Watson Institute for International and Public Affairs
Taubman Center

President Ricardo Lagos of Chile: Today's Policy Challenges

Friday, April 20, 2012

12:30 p.m. – 1:30 p.m.

Taubman Center for Public Policy and American Institutions, Seminar Room

Ricardo Lagos, President of Chile from 2000 to 2006, will present "The Challenges of a Policymaker in Current Times."

This is an exclusive opportunity for Taubman undergraduate and graduate students and faculty to engage with one of Latin America's most important political leaders.

During his term, Lagos was known for aggressively pursuing free-trade agreements, improving healthcare and education legislation, and addressing the crimes of Augusto Pinochet’s military regime. Since leaving office, Lagos founded the Fundación Democracia y Desarrollo (Foundation for Democracy and Development) in 2006 and currently serves as its president. He is also vice-chair of the Inter-American Dialogue and was UN special envoy for climate change from 2007-2010.

Lagos earned a law degree from the University of Chile in 1960 and then attended Duke University, where he received a PhD in economics in 1966. He returned to Chile and served as director of the University of Chile's School of Political and Administrative Sciences and was subsequently appointed secretary general of the Latin American Faculty of Social Sciences. After the military coup against President Salvador Allende, Lagos lived in the United States and Argentina where he served at the United Nations as consultant and economist in UNESCO and the International Labor Organization.

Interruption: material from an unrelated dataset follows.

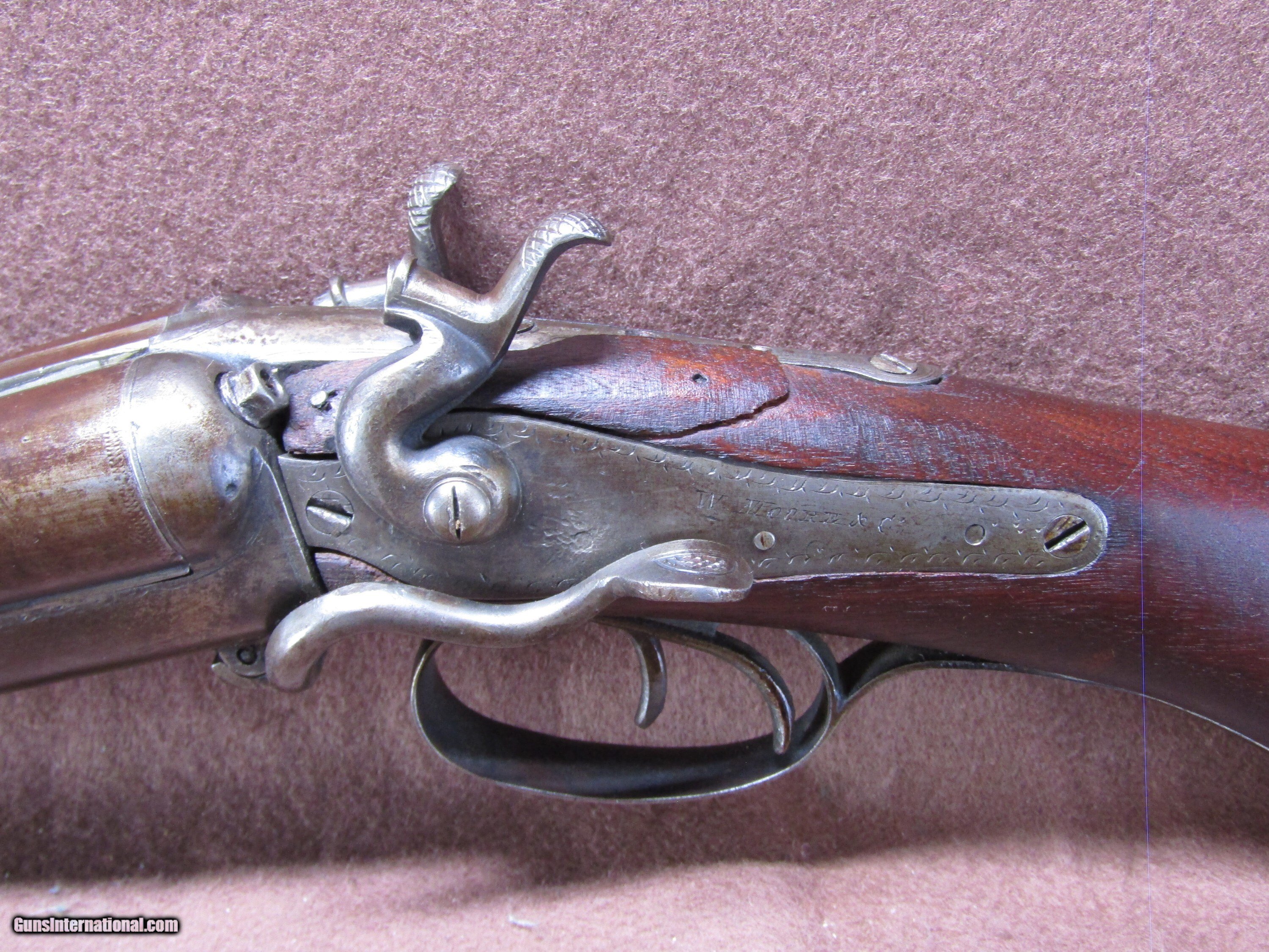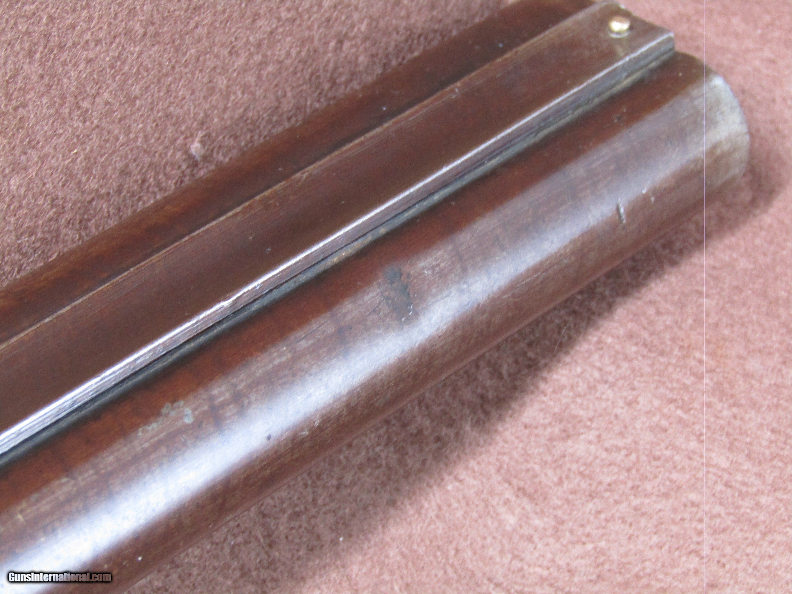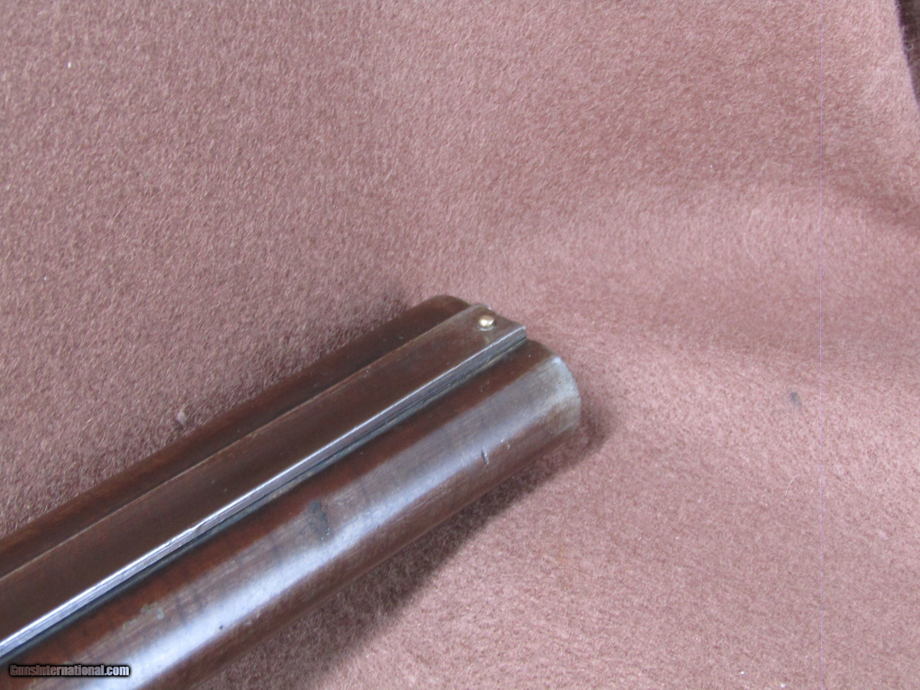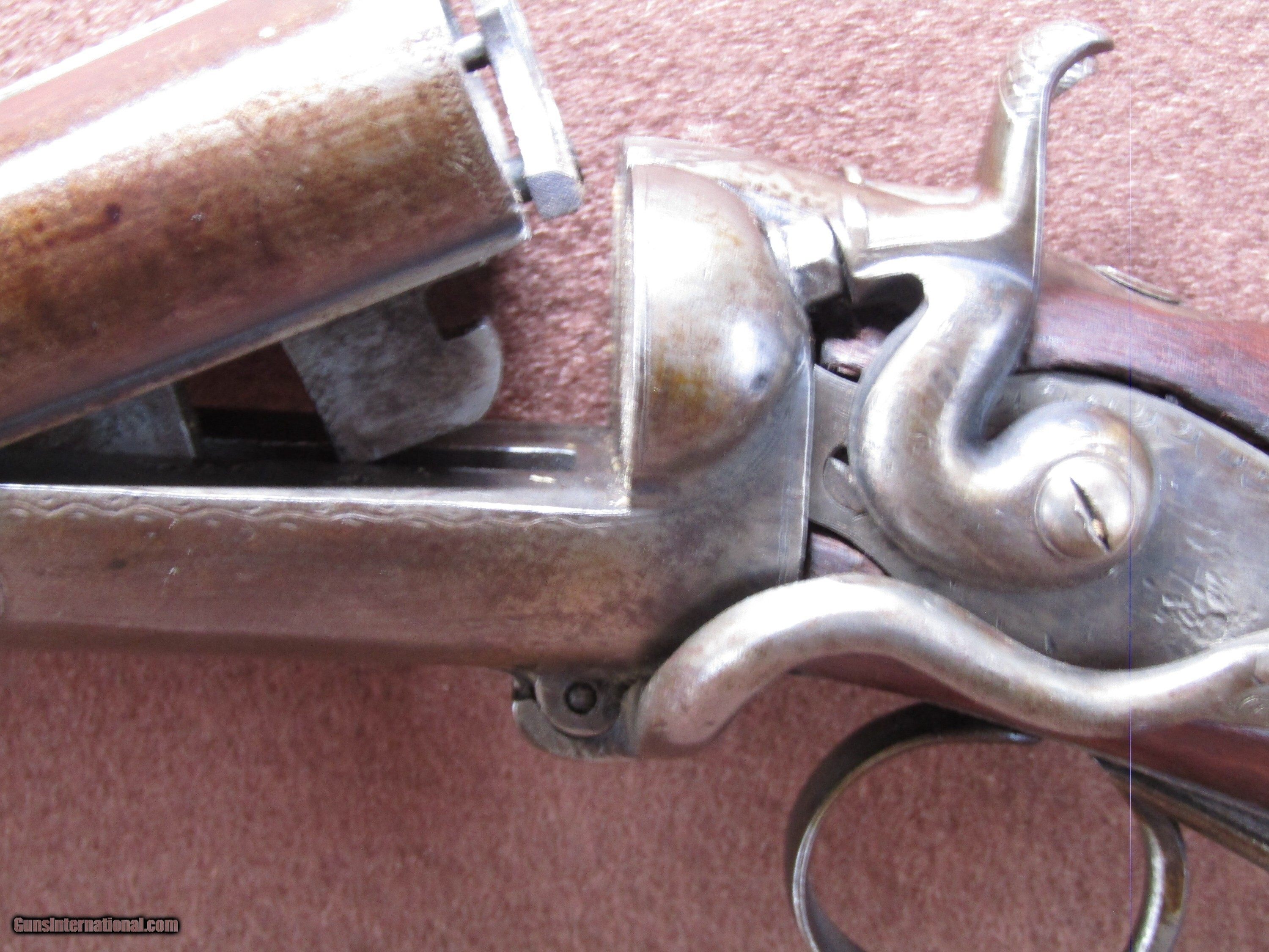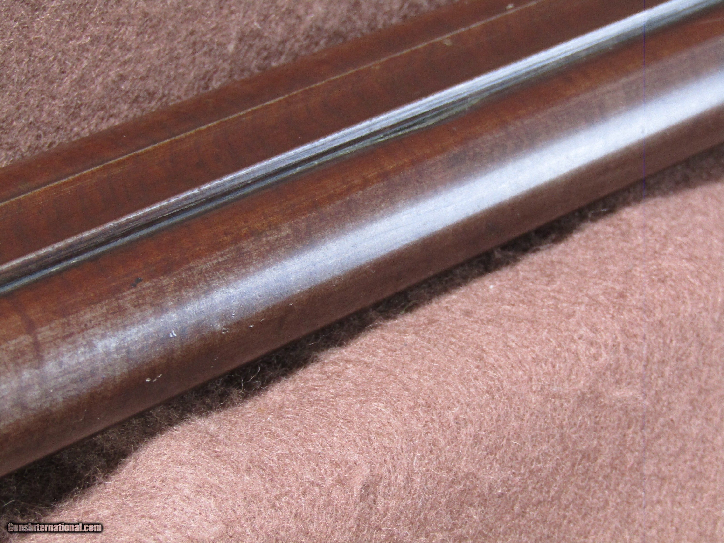 Description: The Wm. Moore 12-gauge double-barrel shotgun is an antique side-by-side hammer gun featuring 30-inch London Fine Twist barrels. The chokes are configured as improved cylinder and cylinder bore, and the barrels include a front bead sight. This shotgun has a plain metal butt plate, a smooth wood stock shaped in a Prince of Wales pistol grip style, and a matching forearm. The overall length measures approximately 46 inches, with a length of pull of 14 inches. Manufacture is estimated around circa 1880, and no serial number is present. The right barrel has a small dent near the muzzle. The stock shows evidence of a prior repair, and the forearm is missing its cap. The firing pins are absent, but the lockup is described as tight and the action cycles as intended. The bores remain in good condition with visible shine. This firearm is used and displays wear consistent with its age and configuration. Included components are limited to the shotgun itself with its original wood furniture and metal fittings. No accessories, case, or additional parts are noted. The gun’s construction reflects 19th-century London craftsmanship with fine twist steel barrels and traditional external hammers. Overall dimensions and mechanical details are consistent with period Wm. Moore doubles produced for sporting use in the late 1800s. Shotgun Gauge: 12 Gauge Manufacturer: Wm Moore Model: Side Release Hammer Double Serial Number: NSN Barrel Length: 30 Chambers: 2 Condition: Wall Hanger Metal Condition: Good Wood Condition: Good Bore Condition: Good Barrels: 2 Barrel Type: London Fine Twist Triggers: 2 LOP: 14 Rib: Solid Sights: Bead Manufacture Date: 1880's Price: $280.00 Shipping: $37.97 Contact Seller |

In 1978, he returned to Chile, where he became president of the Democratic Alliance, a coalition of parties opposed to Pinochet. In 1987, Lagos founded the Party for Democracy (Partido por la Democracia). He served as minister of education under the government of President Patricio Aylwin (1990-1994) and as minister of public works under President Eduardo Frei (1994-2000). Elected as president in January 2000, Lagos became the first socialist to hold the office since Allende.